Records for the task ▸
◆ ◆ ◆

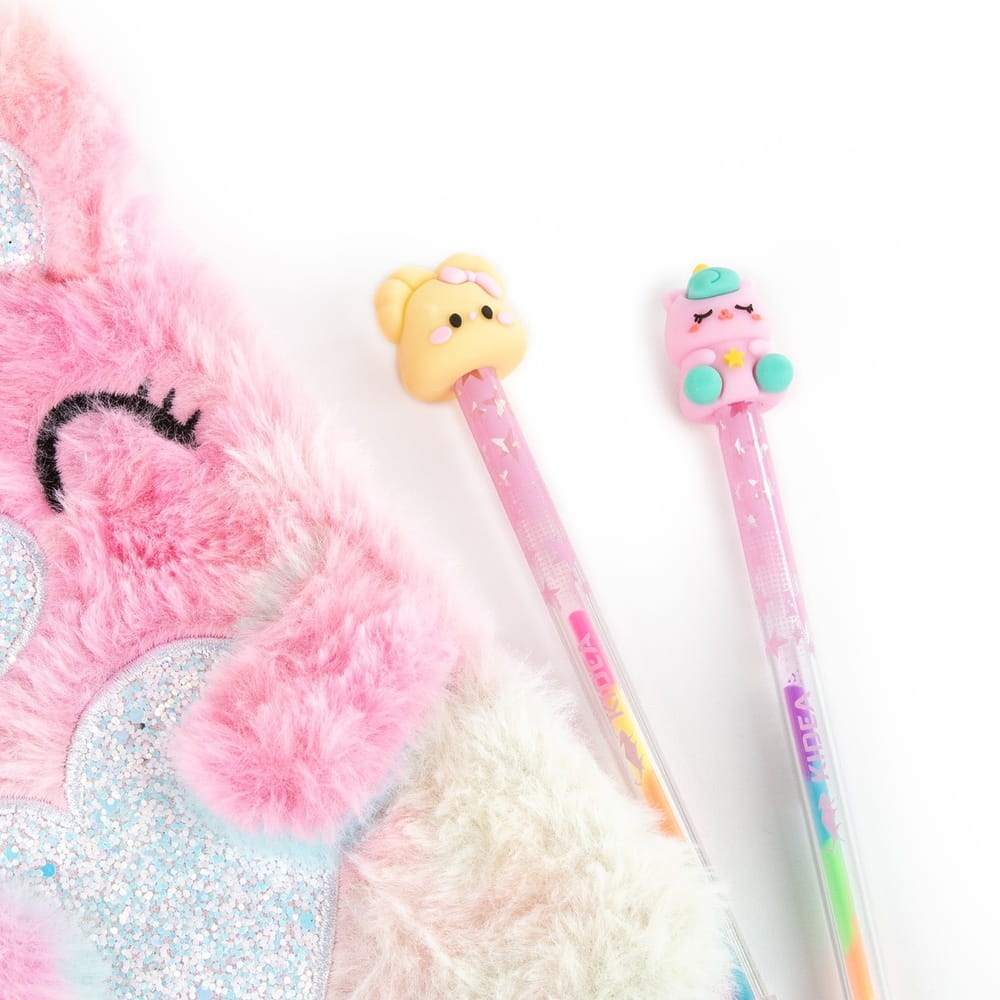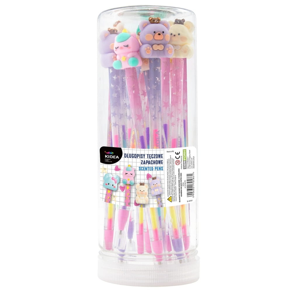 Długopis tęczowy zapachowy z figurką Kidea to idealne połączenie radości pisania i bajkowego designu! Każdy długopis ma wielokolorowy, tęczowy korpus, który pięknie mieni się w świetle i przyciąga wzrok.
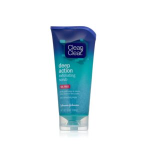 - 5-ounce Clean & Clear Oil-Free Deep Action Exfoliating Facial Cleansing Scrub to help clean deep down to the pores and exfoliate surface skin to remove dirt, oil and makeup
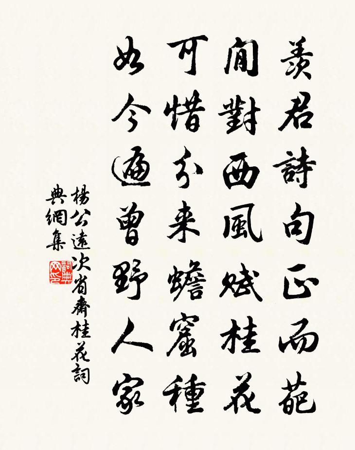 詩詞名句歷史字典書法欣賞書法字典國語詞典說文解字康熙字典古漢語字典標 題 作 者 詩 句 次省齋桂花作者:楊公遠 朝代:宋代次省齋桂花原文羨君詩句正而葩,閒對西風賦桂花。可惜分來蟾窟種,如今遍曾野人家。詩詞問答問:次省齋桂花的作者是誰?答:楊公遠問:次省齋桂花寫於哪個朝代?答:宋代楊公遠次省齋桂花書法欣賞次省齋桂花書法作品詩詞推薦禪人寫真求贊釋正覺〔宋代〕春山似肥,春雪才晞。默中有句,用也無機。不來而來兮非三界之籠絡,無住而住兮是二儀之範圍。秋日夙興張鎡〔宋代〕晨起浴倍佳,爽疏洞膚發。靈蕪郁寶鼎,清忱睇天闕。三十六帝座,一一神遠謁。旋瞻雲始盈,灑雨響飃忽。余霏上周益公曹彥約〔宋代〕荒村建午月,斯螽動股鳴。借問暑方熾,何意作秋聲。自言本寒族,四言本寒族,四海無令名。振羽每自嘆,在野偈頌二首釋齊已〔宋代〕漸漸雞皮鶴髮,父少而子老。看看行步躘蹱,疑殺木上座。直饒金玉滿堂,照顧白拈賊。豈免衰殘老病,正好著精【仙呂】錦橙梅張可久〔元代〕紅馥馥的臉襯霞,黑髭髭的鬢堆鴉。料應他,必是箇中人,打扮的堪描畫。顫巍巍的插著翠花,寬綽綽的穿著輕紗泰州守許寺正輓詞二首周必大〔宋代〕身襲黃門慶,腰懸紫綬龜。未登知命歲,遽逼蓋棺期。風咽哀笳恨,雲凝斷壟悲。只應潘岳淚,重憶悼亡時。和西川李尚書漢州微月游房太尉西湖劉禹錫〔唐代〕木落漢川夜,西湖懸玉鉤。旌旗環水次,舟楫泛中流。目極想前事,神交如共游。瑤琴久已絕,松韻自悲秋。閒居雜詠三十二首兄弟陳淳〔宋代〕兄長而弟幼,天屬之羽翼。一言在有序,不可事私閱。江神子李之儀〔宋代〕今宵莫惜醉顏紅,十分中,且從容。須信歡情,回首似旋風。流落天涯頭白也,難得是,再相逢。十年南北感征鴻定風波李珣〔唐代〕志在煙霞慕隱淪,功成歸看五湖春。一葉舟中吟復醉,雲水,此時方認自由身。花島為鄰鷗作侶,深處,經年不見和王子元中秋會飲余靖〔宋代〕混元鼓橐四氣平,西商之氣爽且輕。望舒按轡出東海,孤輪斲冰碾太清。碧落坦夷輪不停,銀河浩蕩波無聲。千家菩薩蠻 湖上即事劉因〔元代〕樓前曲浪歸橈急。樓中細雨春風涇。終日倚危闌。故人湖上山。高情渾似舊。只在東風瘦。薄晚去來休。裝成一段奉懷粹戲成李彌遜〔宋代〕期人至不傷秋晚,覓句無工愁夜長。誰與寒窗催好林,幾重白氎一盂香。朝中措朱敦儒〔宋代〕閒愁無奈指頻彈。芳景為誰殘。可惜良宵虛過,且容草草謀歡。招要楚雨,留連漢佩,多謝青鸞。濃艷暗香爭暖,佛友唐寅〔明代〕學佛俄經二十年,於今地上擁青蓮。我來願結三生友,共看當時手指天。鄂渚送池州程使君劉長卿〔唐代〕蕭蕭五馬動,欲別謝臨川。落日蕪湖色,空山梅冶煙。江湖通廨舍,楚老拜戈船。風化東南滿,行舟來去傳。次韻楊少雲桂花高文虎〔宋代〕溶溶漠漠秋光淡,耿耿寥寥夜色清。不是靈根函爽氣,如何醖得此香成。玉兔搗霜千萬粒,淒風折作四花凝。廣寒和靜照詩韻釋普濟〔宋代〕半千尊者眼如眉,一一從頭為點開。踏斷石橋成兩段,方知親過一回來。泊釣台毛幵〔宋代〕白鶴千秋去不歸,山川蕭瑟閟光輝。孫郎祖墓今無主,不及先生一釣磯。九井王安石〔宋代〕沿崖涉澗三十里,高下犖确無人耕。捫蘿挽蔦到山趾,仰見吹瀉何崢嶸。餘聲投林欲風雨,末勢卷土猶溪阬。飛蟲名句推薦連山變幽晦,綠水函晏溫柳宗元《飲酒》 綠淨春深好染衣。際柴扉。賀鑄《釣船歸·綠淨春深好染衣》 移舟泊煙渚,日暮客愁新。孟浩然《宿建德江》 便做無情,莫也愁人苦朱淑真《蝶戀花·送春》 雲壓西村茅舍重,怕他榾柮同燒。陳維崧《臨江仙·寒柳》 見世人可取者多,則德日進矣。王永彬《圍爐夜話·第五六則》 青海長雲暗雪山,孤城遙望玉門關。王昌齡《從軍行七首·其四》 坐愁群芳歇,白露凋華滋。李白《秋思》 燕子飛來窺畫棟,玉鉤垂下簾旌。歐陽修《臨江仙·柳外輕雷池上雨》 玄都觀里桃千樹,花落水空流。元好問《人月圓·玄都觀里桃千樹》
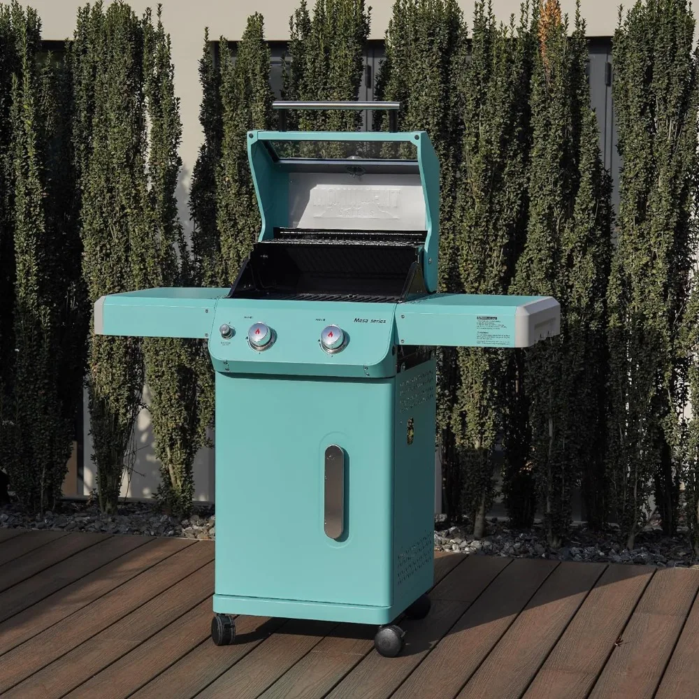 - MODERN DESIGN: The New Series Mesa200G Grill prioritizes overall integration to achieve a seamless and contemporary aesthetic. Rounded elements can be observed on the lid, shelves, cart, and handle, contributing to its modern appearance.
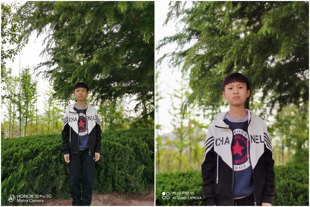 人像模式考验的是手机虚化效果,毕竟如果虚化过度,照片上则会丢失一些细节,通过打开荣耀30 Pro和小米10 Pro的人像模式,笔者发现荣耀30 Pro的人像模式下,取景范围更大一些,而小米10 Pro则会拉近人脸部分,风格上完全不同,不过在细节的保留上两者算是半斤八两。
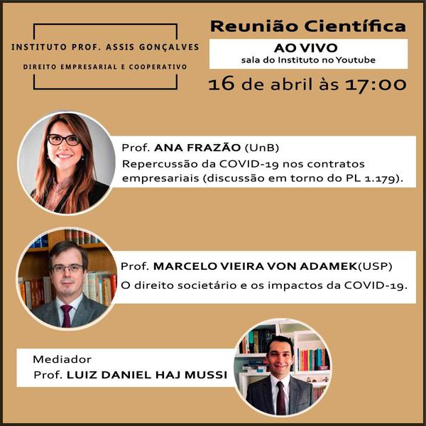 Temas relevantes de Direito Empresarial em tempos de COVID-19 serão discutidos durante reunião científica do Instituto Prof. Assis Gonçalves de Direito Empresarial e Cooperativo.
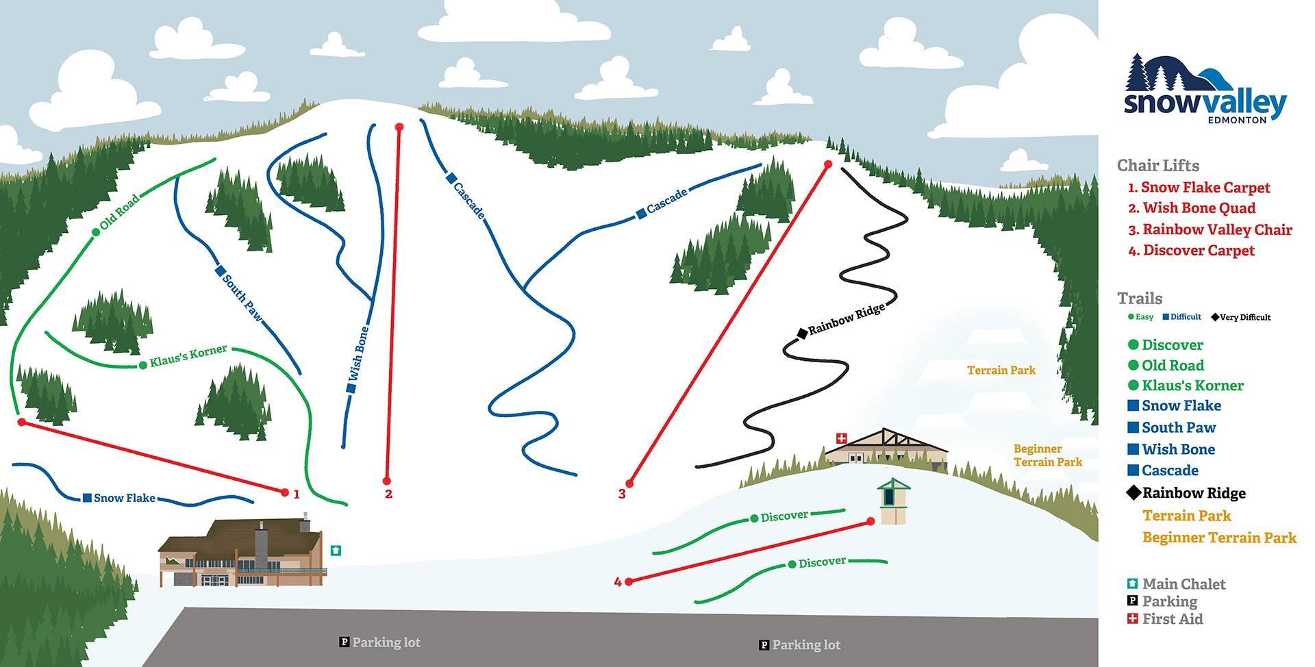 Pistekaart Snow Valley – Edmonton seizoen 2024/2025
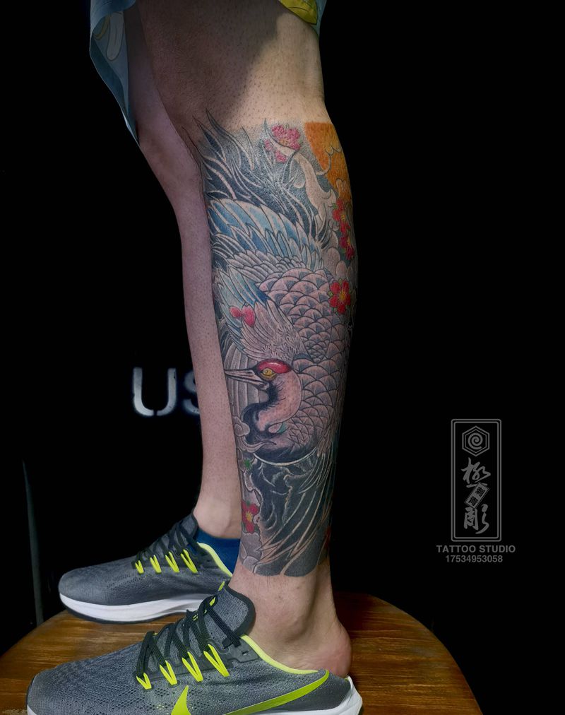 舍利仙鹤包小腿纹身图片_腿部老传统遮盖纹身图案
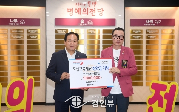 (경인뷰) 오산시는 지난 21일 시청 1층 명예의 전당에서 오산 로타리클럽으로부터 지역 특기생 육성을 위한 장학금 1백만원을 기탁받았다고 밝혔다.
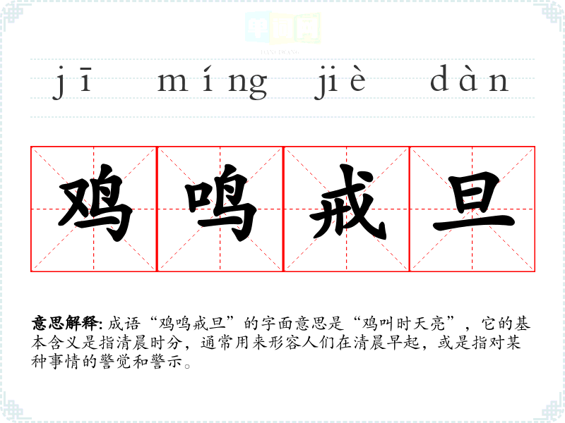 成语“鸡鸣戒旦”的字面意思是“鸡叫时天亮”,它的基本含义是指清晨时分,通常用来形容人们在清晨早起,或是指对某种事情的警觉和警示。

◆ ◆ ◆

Required action ▸
No picture is to be printed. Output exactly the lines above from the line containing "詩詞名句歷史字典書法欣賞書法字典國語詞典說文解字康熙字典古漢語字典標 題 作" through the line containing "- MODERN DESIGN: The".

Solution to this task ▸
 詩詞名句歷史字典書法欣賞書法字典國語詞典說文解字康熙字典古漢語字典標 題 作 者 詩 句 次省齋桂花作者:楊公遠 朝代:宋代次省齋桂花原文羨君詩句正而葩,閒對西風賦桂花。可惜分來蟾窟種,如今遍曾野人家。詩詞問答問:次省齋桂花的作者是誰?答:楊公遠問:次省齋桂花寫於哪個朝代?答:宋代楊公遠次省齋桂花書法欣賞次省齋桂花書法作品詩詞推薦禪人寫真求贊釋正覺〔宋代〕春山似肥,春雪才晞。默中有句,用也無機。不來而來兮非三界之籠絡,無住而住兮是二儀之範圍。秋日夙興張鎡〔宋代〕晨起浴倍佳,爽疏洞膚發。靈蕪郁寶鼎,清忱睇天闕。三十六帝座,一一神遠謁。旋瞻雲始盈,灑雨響飃忽。余霏上周益公曹彥約〔宋代〕荒村建午月,斯螽動股鳴。借問暑方熾,何意作秋聲。自言本寒族,四言本寒族,四海無令名。振羽每自嘆,在野偈頌二首釋齊已〔宋代〕漸漸雞皮鶴髮,父少而子老。看看行步躘蹱,疑殺木上座。直饒金玉滿堂,照顧白拈賊。豈免衰殘老病,正好著精【仙呂】錦橙梅張可久〔元代〕紅馥馥的臉襯霞,黑髭髭的鬢堆鴉。料應他,必是箇中人,打扮的堪描畫。顫巍巍的插著翠花,寬綽綽的穿著輕紗泰州守許寺正輓詞二首周必大〔宋代〕身襲黃門慶,腰懸紫綬龜。未登知命歲,遽逼蓋棺期。風咽哀笳恨,雲凝斷壟悲。只應潘岳淚,重憶悼亡時。和西川李尚書漢州微月游房太尉西湖劉禹錫〔唐代〕木落漢川夜,西湖懸玉鉤。旌旗環水次,舟楫泛中流。目極想前事,神交如共游。瑤琴久已絕,松韻自悲秋。閒居雜詠三十二首兄弟陳淳〔宋代〕兄長而弟幼,天屬之羽翼。一言在有序,不可事私閱。江神子李之儀〔宋代〕今宵莫惜醉顏紅,十分中,且從容。須信歡情,回首似旋風。流落天涯頭白也,難得是,再相逢。十年南北感征鴻定風波李珣〔唐代〕志在煙霞慕隱淪,功成歸看五湖春。一葉舟中吟復醉,雲水,此時方認自由身。花島為鄰鷗作侶,深處,經年不見和王子元中秋會飲余靖〔宋代〕混元鼓橐四氣平,西商之氣爽且輕。望舒按轡出東海,孤輪斲冰碾太清。碧落坦夷輪不停,銀河浩蕩波無聲。千家菩薩蠻 湖上即事劉因〔元代〕樓前曲浪歸橈急。樓中細雨春風涇。終日倚危闌。故人湖上山。高情渾似舊。只在東風瘦。薄晚去來休。裝成一段奉懷粹戲成李彌遜〔宋代〕期人至不傷秋晚,覓句無工愁夜長。誰與寒窗催好林,幾重白氎一盂香。朝中措朱敦儒〔宋代〕閒愁無奈指頻彈。芳景為誰殘。可惜良宵虛過,且容草草謀歡。招要楚雨,留連漢佩,多謝青鸞。濃艷暗香爭暖,佛友唐寅〔明代〕學佛俄經二十年,於今地上擁青蓮。我來願結三生友,共看當時手指天。鄂渚送池州程使君劉長卿〔唐代〕蕭蕭五馬動,欲別謝臨川。落日蕪湖色,空山梅冶煙。江湖通廨舍,楚老拜戈船。風化東南滿,行舟來去傳。次韻楊少雲桂花高文虎〔宋代〕溶溶漠漠秋光淡,耿耿寥寥夜色清。不是靈根函爽氣,如何醖得此香成。玉兔搗霜千萬粒,淒風折作四花凝。廣寒和靜照詩韻釋普濟〔宋代〕半千尊者眼如眉,一一從頭為點開。踏斷石橋成兩段,方知親過一回來。泊釣台毛幵〔宋代〕白鶴千秋去不歸,山川蕭瑟閟光輝。孫郎祖墓今無主,不及先生一釣磯。九井王安石〔宋代〕沿崖涉澗三十里,高下犖确無人耕。捫蘿挽蔦到山趾,仰見吹瀉何崢嶸。餘聲投林欲風雨,末勢卷土猶溪阬。飛蟲名句推薦連山變幽晦,綠水函晏溫柳宗元《飲酒》 綠淨春深好染衣。際柴扉。賀鑄《釣船歸·綠淨春深好染衣》 移舟泊煙渚,日暮客愁新。孟浩然《宿建德江》 便做無情,莫也愁人苦朱淑真《蝶戀花·送春》 雲壓西村茅舍重,怕他榾柮同燒。陳維崧《臨江仙·寒柳》 見世人可取者多,則德日進矣。王永彬《圍爐夜話·第五六則》 青海長雲暗雪山,孤城遙望玉門關。王昌齡《從軍行七首·其四》 坐愁群芳歇,白露凋華滋。李白《秋思》 燕子飛來窺畫棟,玉鉤垂下簾旌。歐陽修《臨江仙·柳外輕雷池上雨》 玄都觀里桃千樹,花落水空流。元好問《人月圓·玄都觀里桃千樹》
 - MODERN DESIGN: The New Series Mesa200G Grill prioritizes overall integration to achieve a seamless and contemporary aesthetic. Rounded elements can be observed on the lid, shelves, cart, and handle, contributing to its modern appearance.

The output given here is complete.